The MCAT test is a standardized, multiple choice exam that is administered in a period of four and a half hours. Before taking this test, it is advisable to review what will be on the exam and make sure you are well-versed in all the subject areas it covers. The skills and knowledge it tests include problem solving skills, critical thinking, fluency in social science concepts, and the knowledge needed to be able to study medicine effectively.

Become a Medical Doctor

In becoming a medical doctor, you have three options to choose between when it comes to deciding on the medical degree program that is right for you.

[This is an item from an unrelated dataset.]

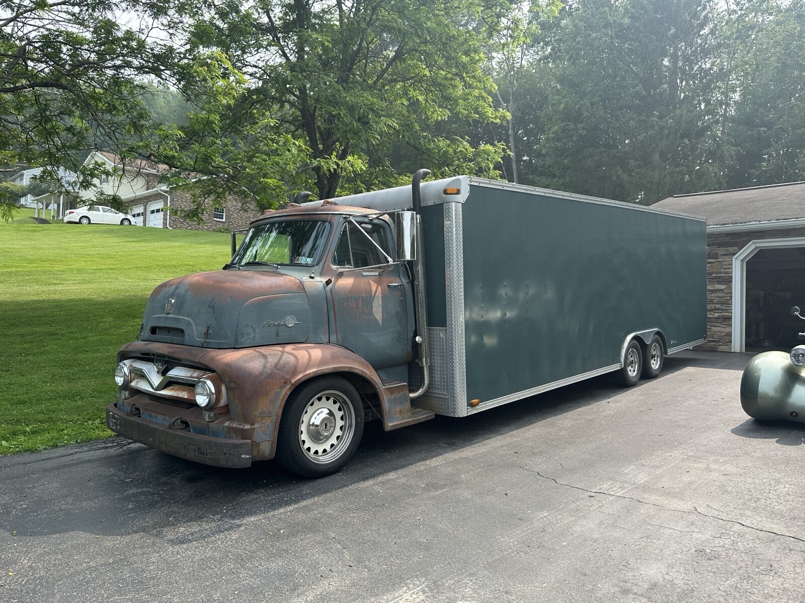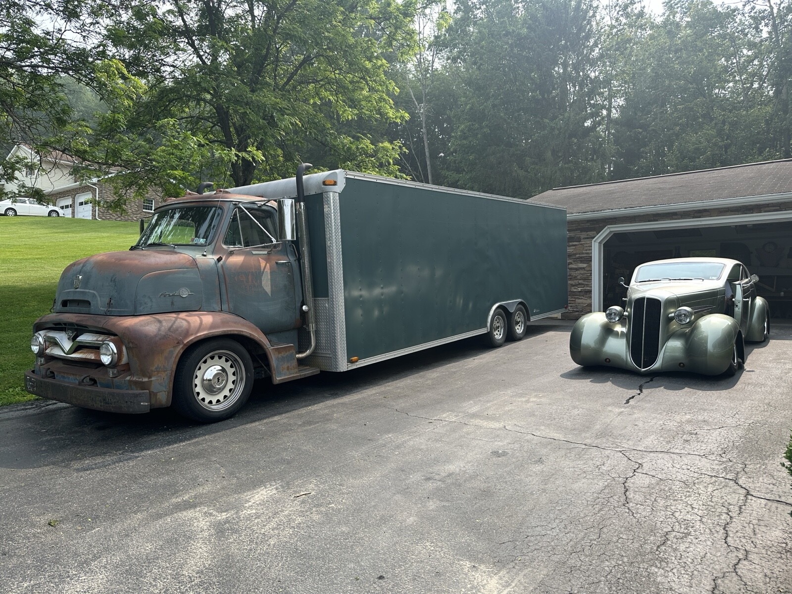 This custom cab over has been extensively modified by one of the top builders in our area. He has built many show winners and magazine cover cars. With the custom frame mated to a 24 foot car hauler. It runs and drives smooth we used it to travel too many shows up to 300 miles away Has a Cadillac front clip from a Front Wheel Dr., El Dorado 500 in.3 engine that was recently refreshed. This thing is the talk of the town when it’s parked and gets many thumbs up, pictures snapped, and horns honk when you’re driving down the street! I’m looking for interesting trades and cash offers. I will not accept an offer without a deposit beforehand. Message me along with your offer. The only way I’ll accept an offer is if I have a deposit first

Get a Medical Degree (M.D.)

This focuses on the traditional diagnostic methods, as well as their treatments and medicinal therapies.

Become a Doctor of Osteopathic Medicine

This profession focuses on caring for and studying the musculoskeletal system of the human body.

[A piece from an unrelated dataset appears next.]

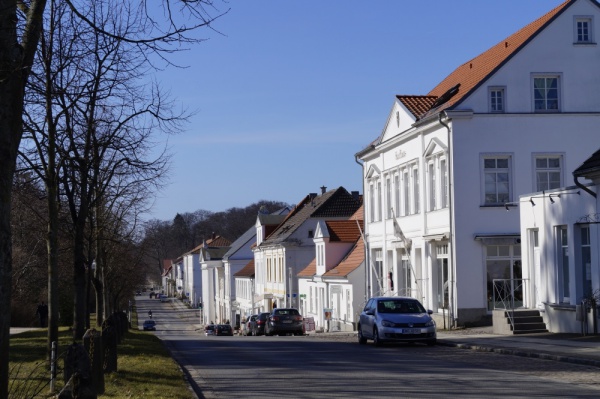 Warum, erkenne ich später vor Ort sofort: groß ist die Anzahl strahlend weißer Häuser und Gebäude im klassizistischen Baustil, die der Fürst von Putbus, Wilhelm Malte I., zu Beginn des 19. Jh. anlegen ließ. Als ich im Zug sitze, sehe ich aber erst einmal nicht viel. Dichte Rauchschwaden ziehen am Fenster vorbei, der Heizer heizt der Lok ordentlich ein. Sieht man doch einmal was, so ist es eine sanft geschwungene Landschaft, Äcker und Wiesen, kleine Dörfer. Auch mal nur eine kleine Haltestelle der Bahn mitten in der Pampa oder aber ein von einem Pferd gezogener Bauernwagen. Hier scheint die Zeit stehen geblieben zu sein. Ein wenig Ostalgie kommt zunächst auch in Putbus auf, als ich vom Bahnhof in die Marienstraße einbiege, die zu Putbus' bekanntestem Platz, dem Circus, führt.

Become a Doctor of Philosophy with a Medical Degree

Many schools offer a combination degree that allows you to obtain a M.D. and a Ph.D. This gives you two career path options, and offers increased financial support as well as fast tracking your ability to get a medical degree. This is because many schools offer a 3-year M.D. program for Ph.D. graduates.

Declare a Radiology Specialty

The third and fourth years of medical school involve clinical rotations. Early in the fourth year, you should have an opportunity to declare your specialty in radiology.

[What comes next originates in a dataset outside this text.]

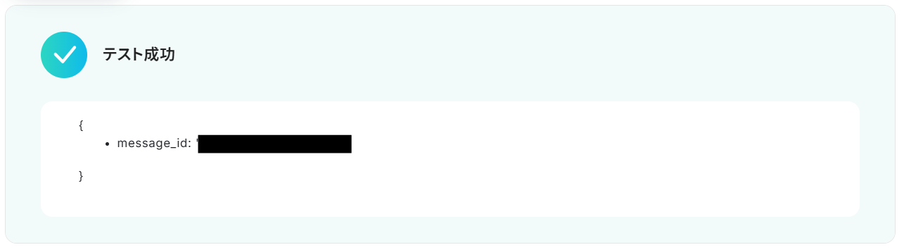 テストが成功すると、以下のように「テスト成功」と表示されます。

Pass the USMLE or the COMLEX

These tests stand for the United States Medical Licensing Exam (USMLE) and the Comprehensive Osteopathic Medical Licensing Exam (COMLEX). It is necessary for any aspiring radiologist to pass one of these exams to be capable of practicing their profession.

Complete a 4-Year Residency Program in Radiology

The United States is home to about 218 radiology residency programs, which offer around 890 positions annually.

Become Board Certified

In order to get certified, check the requirements on the American Board of Radiology’s website. Certification exam times are available there, as well as information to become Board Certified in your subspecialty of choice.

Get a Job

Once you have done all this, you’re ready to become a radiologist! You’re completely certified and ready to take on the job and begin helping people. The final thing you need to do is apply to jobs until you find one suited to you. It’s a good idea to look at public and private hospitals, as well as staffing agencies, medical groups, private practices, and teleradiology groups, to find a job opening.

At this point, you might think that your education is over, but actually, you’ll have to keep taking radiology courses in order to stay up to date on the latest technology and trends in the industry.

Start Helping People!

The last thing you need to do is start doing your job! Enjoy being a radiologist and the rewards that come with the job, including being able to help countless patients stay or get healthy!

Toni May works for a radiology CME company.

Wednesday, August 29, 2018

How To Read A Cervical Spine CT

Cervical spine imaging can be divided into traumatic and non-traumatic indications. This post will focus on trauma imaging, as the same ideas can be applied to non-traumatic cervical spines.

To assess the spine itself, start with the ABCDs.

  • Alignment: make sure the vertebral bodies line up with each other. There should be a normal cervical lordosis, although many trauma patients will be in a C-collar, which artificially straightens the lordosis. Straightening can also be a sign of spasm though. Elderly patients with degenerative changes may have varying degrees of spondylolisthesis. 
  • Bones: look for fractures, in all three planes
  • Cord / Canal: Look inside the canal to make sure there is no obvious abnormality. MRI is more sensitive to assess intracanalicular contents
  • Discs: Similar to C, look for disc herniation into the canal. 
Once the spinal column itself is assessed, look at the following areas for corner / soft findings:
  • Visualized brain / brain stem
  • Prevertebral soft tissues: a rule of thumb is that the thickness should be no more than 7 mm at C2 and 2 cm (20 mm) at C7. Fluid here can indicate underlying pathology such as an anterior longitudinal ligament tear. 
  • Thyroid
  • Lung apices
If there is any concern for ligamentous / soft tissue injury, an MRI of the cervical spine without contrast should be obtained.